The film doesn't take Bening's hysterics seriously; it doesn't take any of its characters seriously. Absent a dose of the kind of wise irony that mediates derision and complacency, Running With Scissors anestheticizes its audience with Hollywoodian humanism, in which characters wear mental illness like actors did those little red AIDS bows in the early nineties: the phony solidarity signifies defiance against the straight world; sexuality is merely a universal condition, like halitosis and untrimmed toenails. The film's purportedly gay protagonist is allowed more chemistry with adopted sister Evan Rachel Wood than with the thirtysomething man (Joseph Fiennes) who deflowers him (in the book Burroughs describes a virtual rape). I felt more sympathy for the monstrous absent father, played with subtly gradated despair by Alec Baldwin (Stephanie Zancharek: "Watching him, I kept thinking of the Delmore Schwartz poem `The Heavy Bear Who Goes With Me,' a lament about the limits, and the clumsiness, of the bodies our spirits are locked up in."). How does Burroughs escape? By moving to New York City, of course. That director Ryan Murphy doesn't trouble young Burroughs' imagination with fantasies of what NYC must be like during the most hedonistic period of the century (the late seventies) is indicative.

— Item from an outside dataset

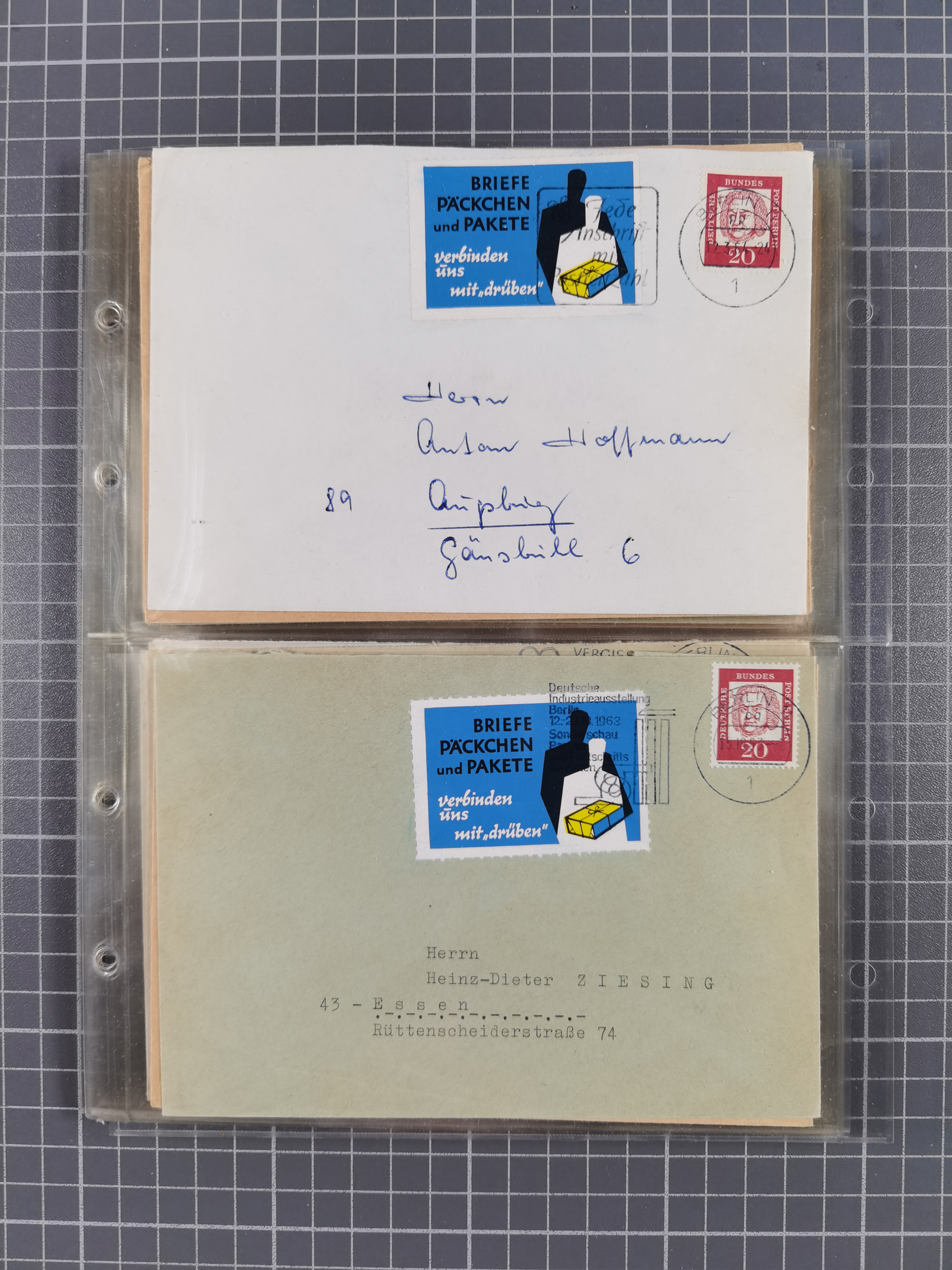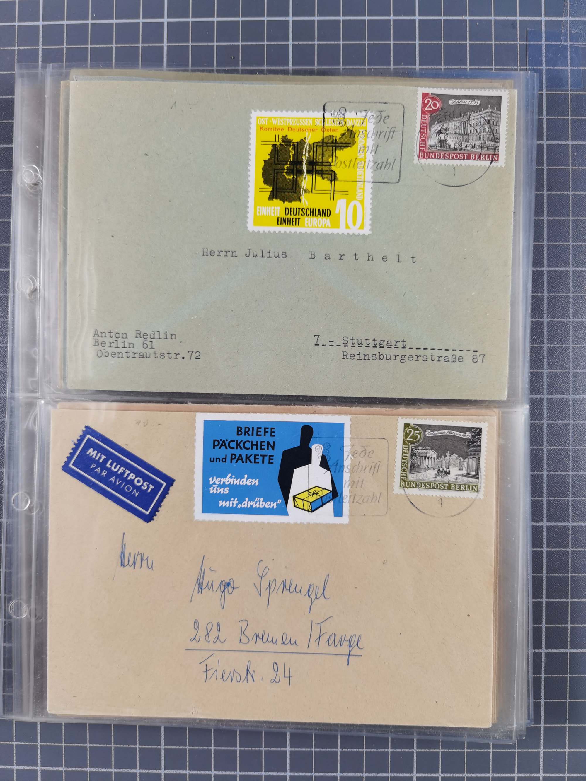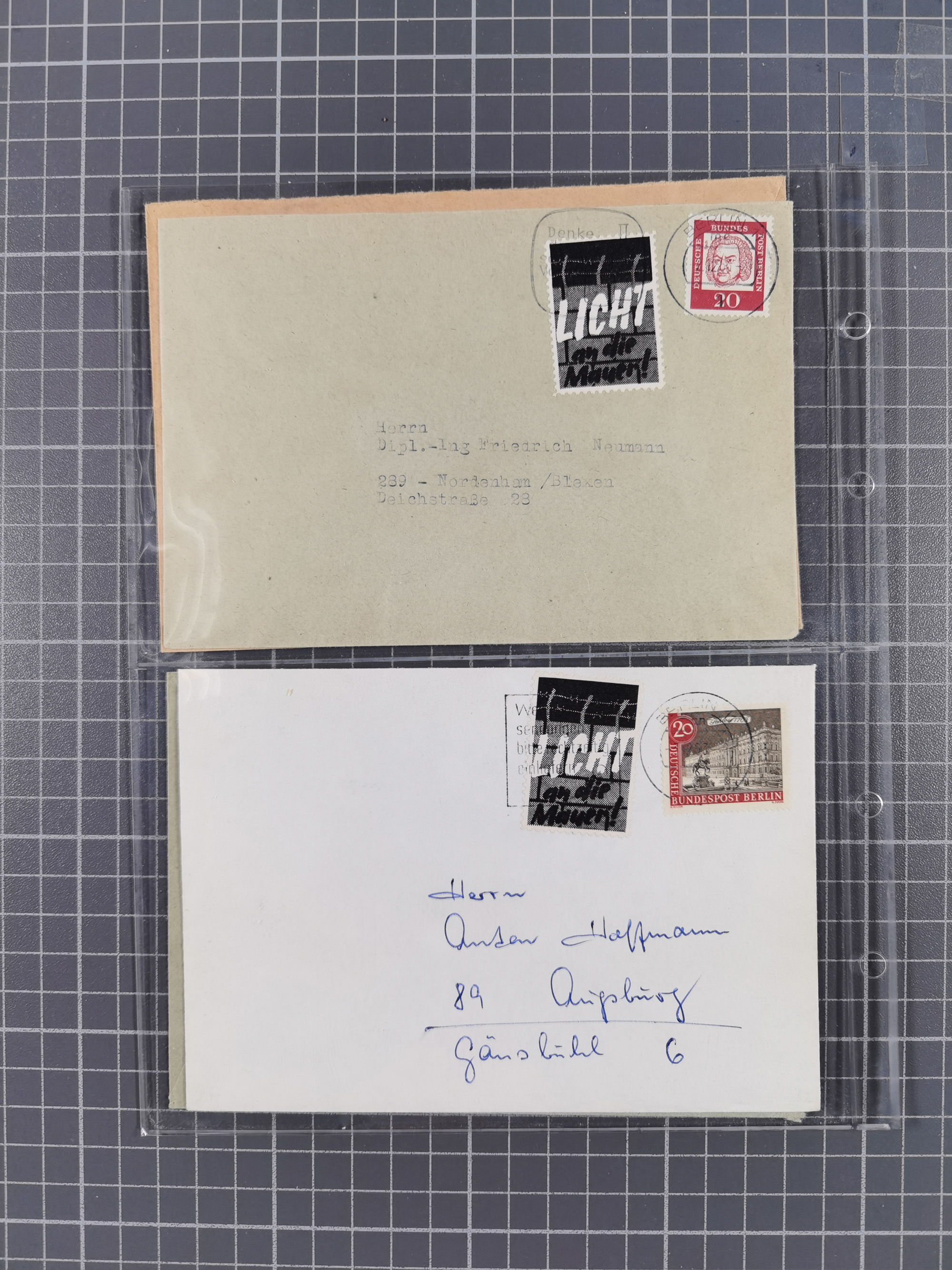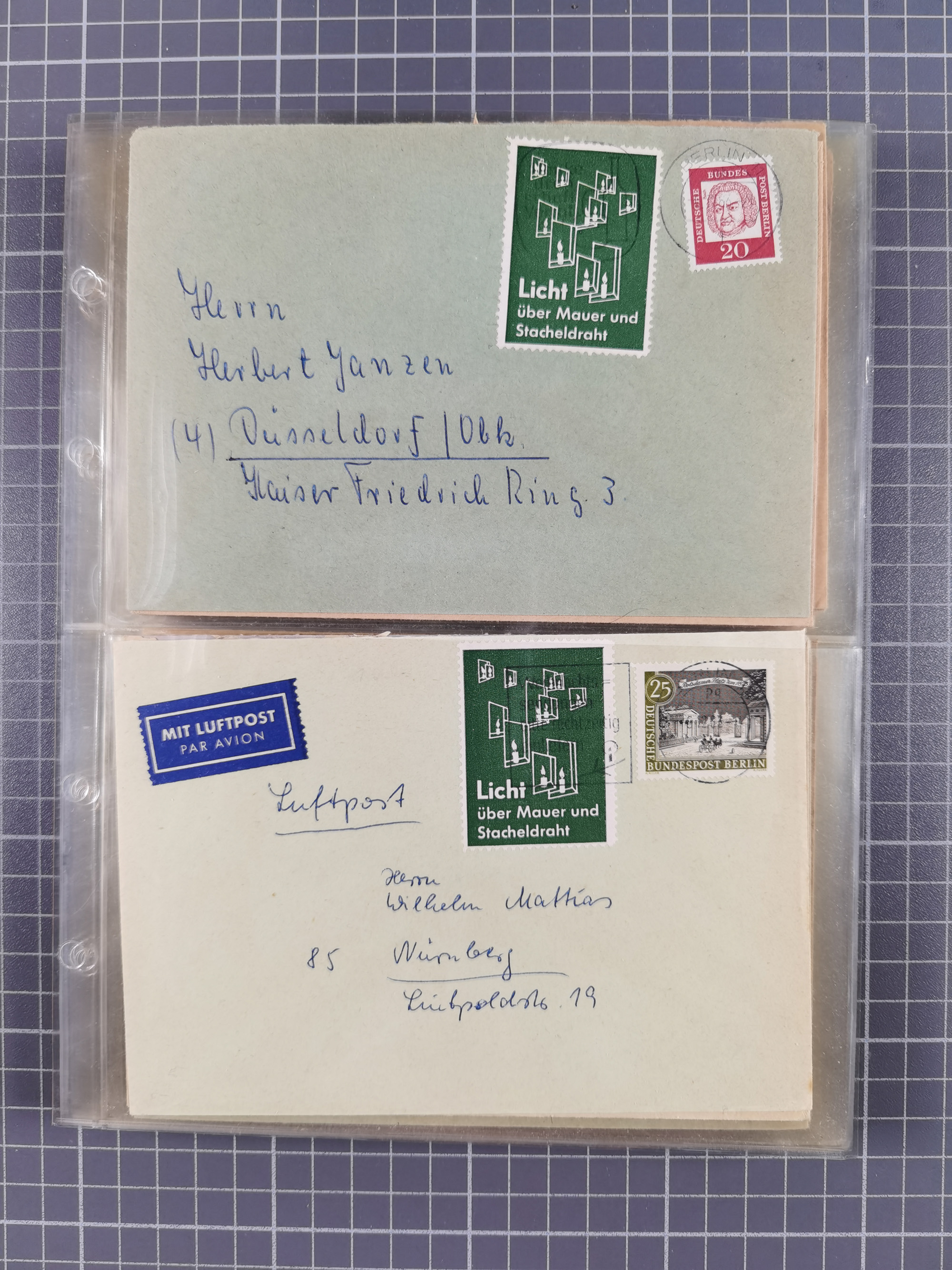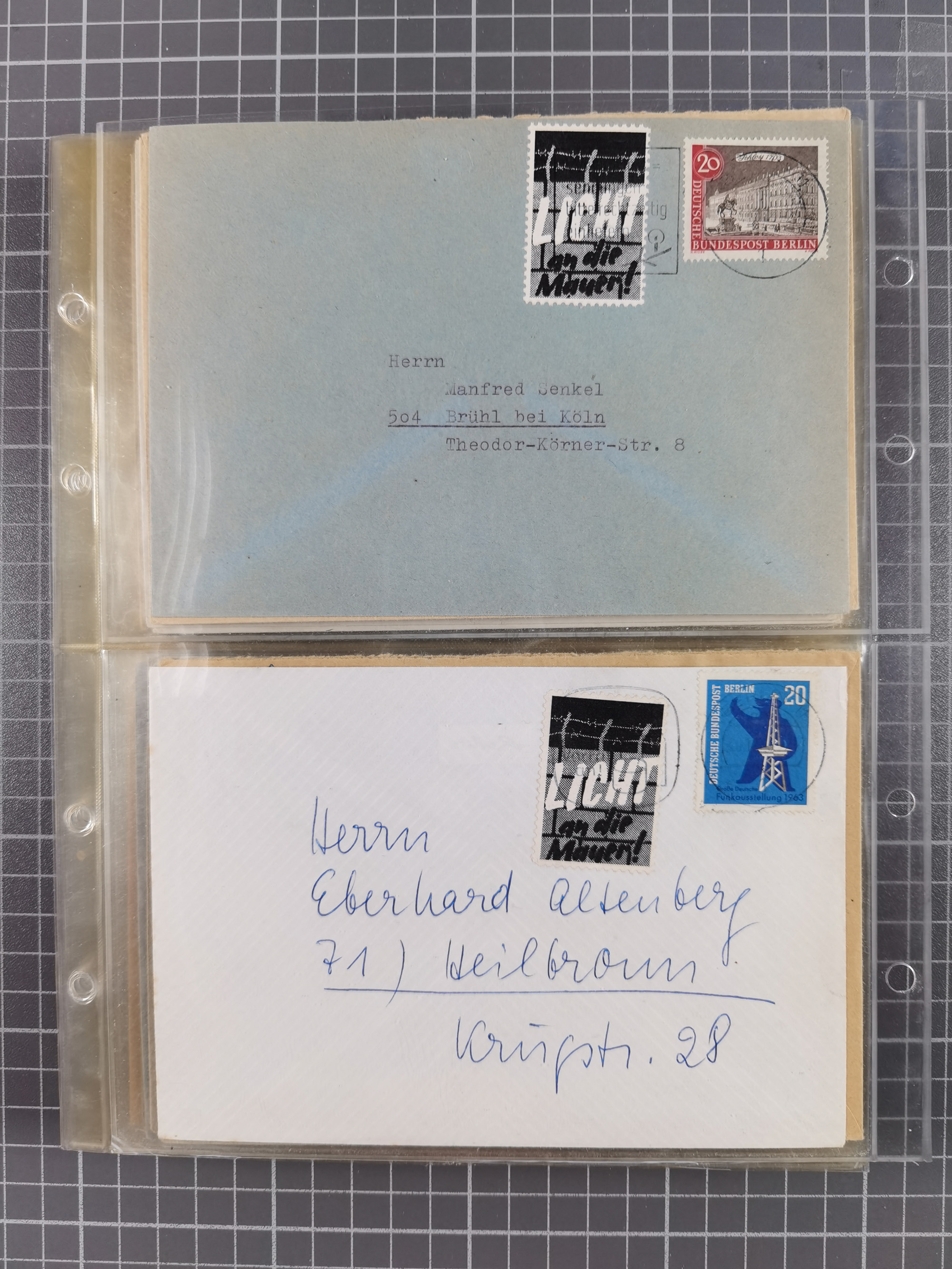 1962/64, Propaganda „Kalter Krieg", Sammlung von 277 Briefen, alle mit Propaganda-Vignetten versehen („Kampf um Wiedervereinigung". 17. Juni", „Die Mauer überwinden", Brücken bauen! Per Post oder Paket". „Wir lassen uns nicht trennen". 3 geteilt niemals!" usw. Alle Vignetten befinden sich auf Bedarfsbriefen und sind postalisch zusammen mit der Normalfrankatur abgestempelt, dabei auch 43 Luftpostbriefe, selten angeboten. Dazu noch 48 Belege Postkrieg".

The creator of "Nip/Tuck" craves acceptance too, demonstrating his fealty to Hollywood tradition by effacing its own history; like mental illness, it's enough to simply allude to history for brownie points. It never occurred to Murphy that in casting Jill Clayburgh, the has-been star of the unbelievable but honest An Unmarried Woman, he tipped his hat to an era in which neuroses was at least probed and tested. Running With Scissors casts her as a morose hausfrau who munches on cat food while watching "Dark Shadows." Refusing makeup in an attempt to look "ugly" in the classic Hollywood way of signaling a comeback (a la Gloria Swanson and Ellen Burstyn), she shows up Bening's self-congralutatory bravura; and since Clayburgh is such a good sport, she's given a last scene between her and Joseph Cross that's Academy Award baiting of the most heinous kind.